Input data
>>>

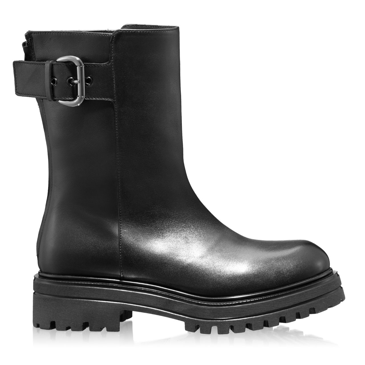 Ghete dama din piele naturala, accesorizate cu catarama laterala. Inchiderea se face cu fermoar, iar inaltimea talpii este de 20mm. In interior sunt captusite cu blana.
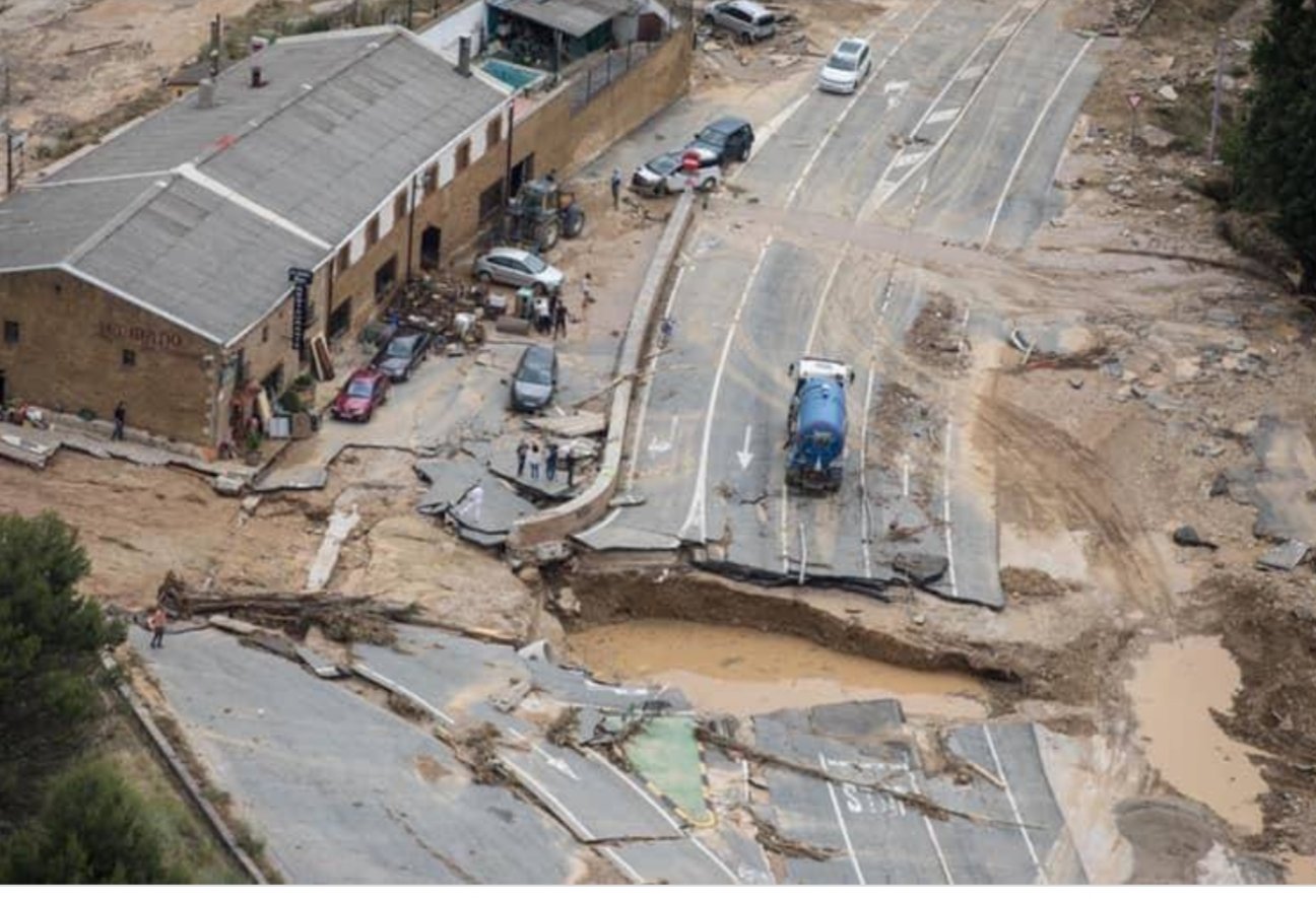 2 maanden geleden viel er ook een buitje in het noorden van Spanje waar we altijd langskomen opweg naar Nederland, even een streeview foto gezocht, en hoe het daarna eruit zag, een foto uit de krant.
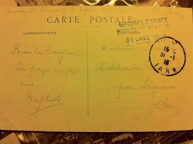 RépondreSupprimerA y regarder de plus près, l'écriture de la 2e carte est différente des autres (notamment, le "d" n'a pas cette forme particulière qu'il a dans la 1re et la 3e). Peut-être dictée à quelqu'un ? Enfin bon, il faudrait voir par rapport à l'ensemble de ces cartes. Qu'en pensez-vous ?
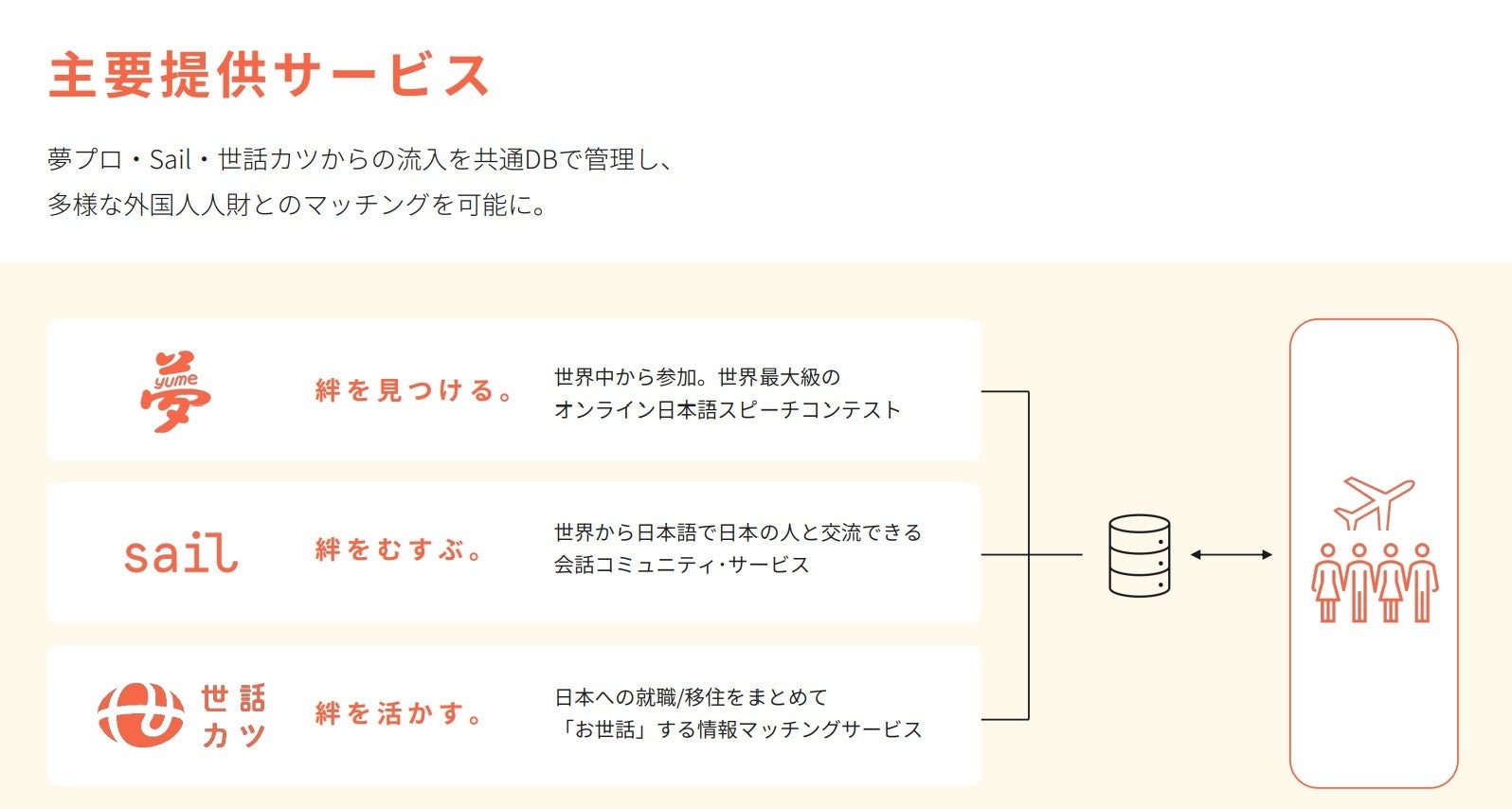 - 日本語での会話コミュニティ・サービス「Sail」を活用することで、日本での就職活動をよりスムースに、希望に沿った形で進められます。
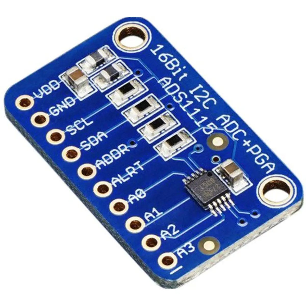 Conversor analógico digital 4 canais ADS1115 é um componente indicado para circuitos onde o microcontrolador não possui um ADC (Analog Digital Converter) embutido, ou quando você precisa de um conversor de alta precisão no seu projeto. Funciona com tensões entre 2 e 5.5VDC, e a tensão máxima nos pinos analógicos é igual à tensão de alimentação. Os pinos analógicos podem ser programados como 4 pinos independentes, ou dois canais diferenciais.
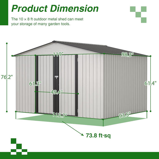 10X8 FT Outdoor Metal Storage Shed with Lockable Door & Floor Frame, Heavy-Duty Garden Tool Shed, Weatherproof Steel Utility Shed for Backyard, Patio, or Lawn Organization
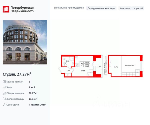 Главное преимущество — собственная приватная терраса 11,6 м², отделанная лиственницей сорта Экстра. Южная сторона, открытый вид без близлежащих окон, уличная мебель и кокон-качель, выведено электричество. Это Ваш личный оазис в центре города: идеален для отдыха, летних завтраков, чтения или камерных встреч с близкими.
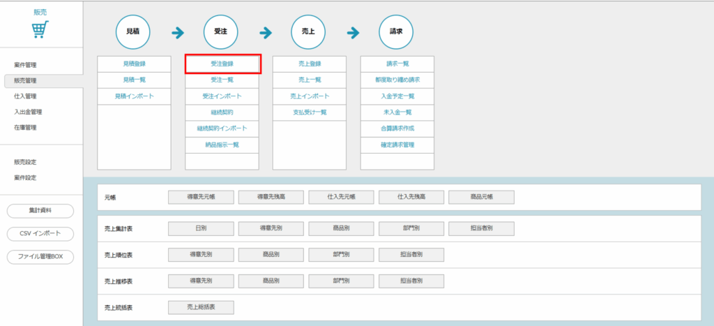 - 「販売」>「販売管理」>「受注登録」をクリックします。
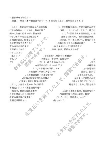 [PA1020] 教育原理1単位目、2単位目、合格レポート
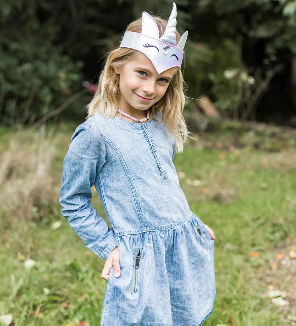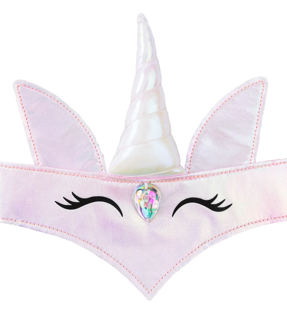 Flot Great Pretenders udklædning bestående af et enjhørninge hårbånd med søde ører, et horn, en sten og print af øjne på fronten.
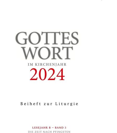 Gottes Wort Im Kirchenjahr: 2024. Lesejahr B - Band 3: Die Zeit Nach Pfingsten. Beiheft Zur Liturgie
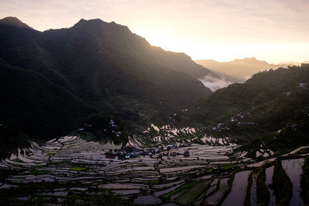 Sunset in the rice field terraces in the area of batad, in Philippines
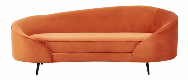 Okouzlující design této stylové pohovky se stane středobodem jakéhokoli obývacího pokoje. Její tvarovaná silueta s tlustým čalouněním a příjemně zaobleným opěradlem vás bude přímo lákat sednout si a užít si pohodlí, které nabízí. Pohovka je čalouněna jemně třpytivou sametovou látkou v nádherném odstínu oranžové a díky zlatým kovovým nohám vypadá mimořádně elegantně.
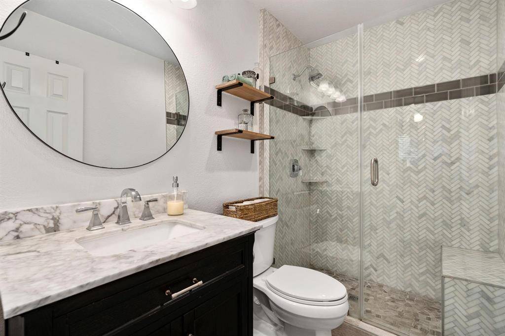 The remodeled kitchen is a standout with granite countertops, stainless steel appliances, oversized subway tile backsplash with natural edge detail that extends to the ceiling, floating shelves, and pendant lighting over the peninsula breakfast bar. A convenient serving window opens to the patio, perfect for entertaining. The dining area is highlighted by a charming bay window that fills the space with natural light.

<<<

Exercise description
Reproduce the data above exactly, but only the lines from the one showing "Главное преимущество —" through the one showing "- 「販売」>「販売管理」>「受注登録」をクリックします。", with both ends kept and the pictures left out.

Reply
 Главное преимущество — собственная приватная терраса 11,6 м², отделанная лиственницей сорта Экстра. Южная сторона, открытый вид без близлежащих окон, уличная мебель и кокон-качель, выведено электричество. Это Ваш личный оазис в центре города: идеален для отдыха, летних завтраков, чтения или камерных встреч с близкими.
 - 「販売」>「販売管理」>「受注登録」をクリックします。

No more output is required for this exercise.